La normalidad que no es
Convengamos, nadie elige el tiempo que le toca vivir. Más de las veces, nos preparamos para una vida que, a la postre, resulta también radicalmente distinta.
La política, como vocación y oficio, ofrece uno de los mejores ejemplos. Hay quienes cultivaron por siempre una personal ambición presidencial, intentando acumular méritos, en el mejor de los casos, pero – sorprendidos – no logran descubrirse aún bajo una dictadura.
Y, siendo el fundamental desafío, el de superarla, generando los riesgos y peligros que les son inherentes, maniobran por obtener una oportunidad, nada más y nada menos, que para candidatearse bajo dictadura. Significa que, aunque no exista garantía alguna de transparencia y pulcritud, se impone ya toda una patología que convierte, arrastrando a su suerte, la aspiración en otro contribuyente a las infinitas maniobras del régimen que también haya maneras de divertirse con sus oponentes o aparentes oponentes.
No pasaríamos de una curiosidad más, si no fue toda una tragedia la confusión misma de un sector de la oposición nominal, siendo benévolos.
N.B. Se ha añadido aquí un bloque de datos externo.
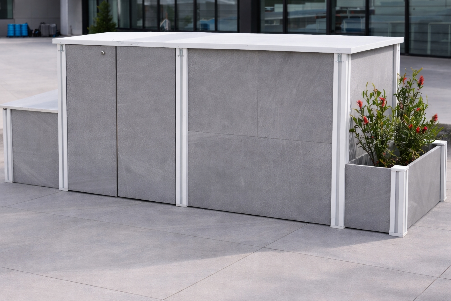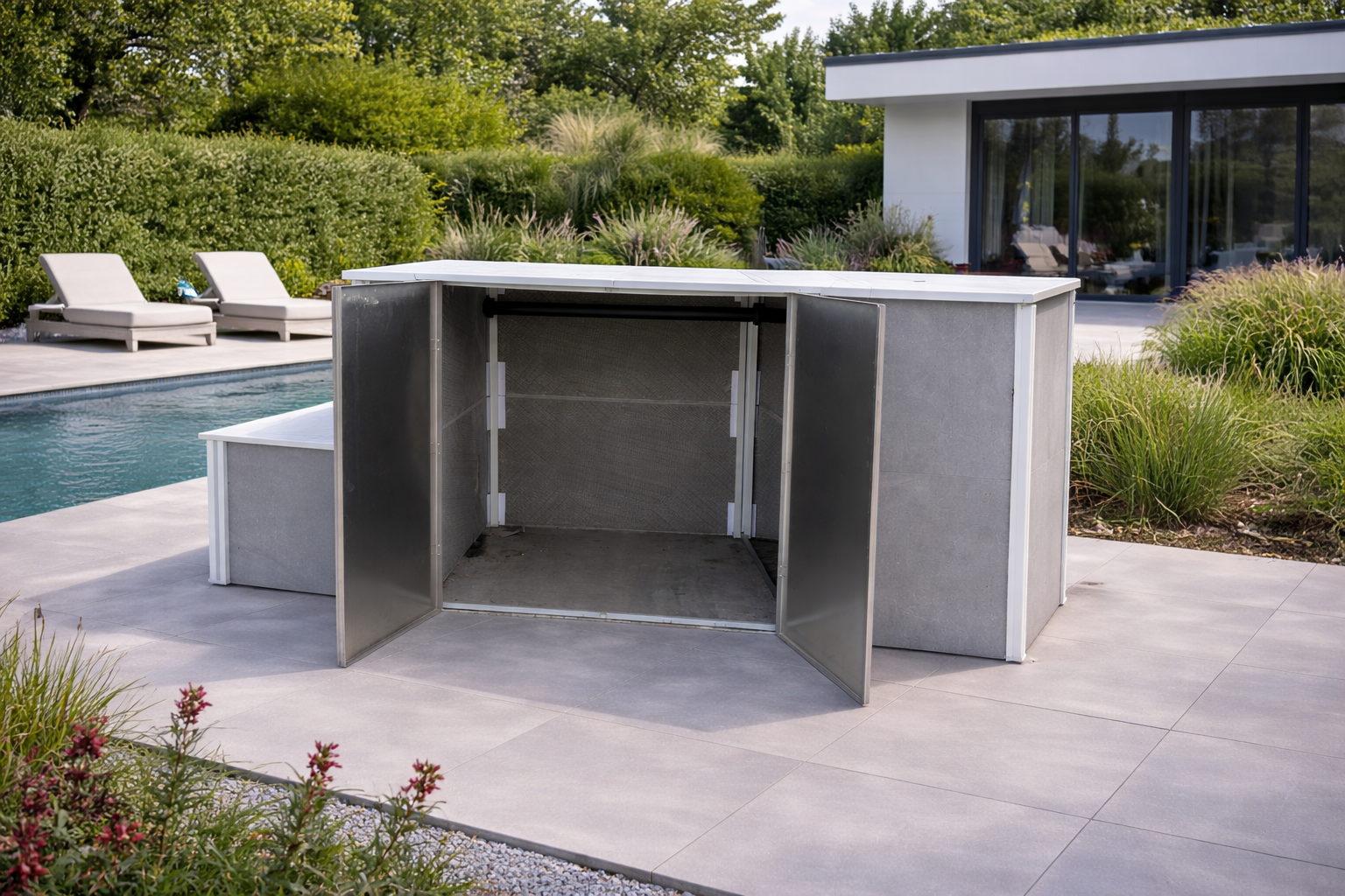 Le Local Technique est la solution idéale pour intégrer proprement l’ensemble de l’installation piscine, tout en apportant une touche esthétique au jardin. Conçu en grès cérame et aluminium laqué, il combine résistance, élégance et modularité.
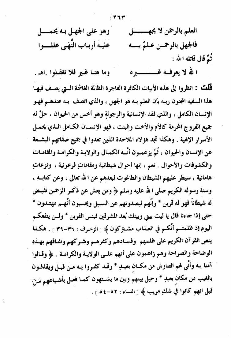 نام کتاب : الرد الأوفر على فقه الشيخ الأكبر ويليه إتمام البحث والرد على الإنسان الكامل والقطب الغوث الفرد نویسنده : عبد القادر بن حبيب الله السندي جلد : 1 صفحه : 263
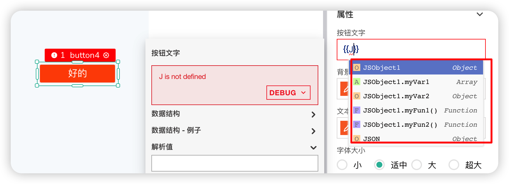 例如我们刚刚在上面创建了一个JSObject1对象,我们可以在任意组件中调用JSObject1对象中定义的函数,例如在按钮组件里面:

Desean tanto la normalidad democrática que la construyen, claro está, como una terrible ficción, siéndoles – apenas – un detalle, la hambruna, la censura y los presos políticos.
Es fácil imaginar la estirpe en los capítulos postreros del gomecismo o del perezjimenismo, haciendo concesiones o subastando posibilidades para una transición democrática, aunque de acuerdo a las reglas impuestas por los intereses dictatoriales. Tamaña transición que se niega a sí misma, pues.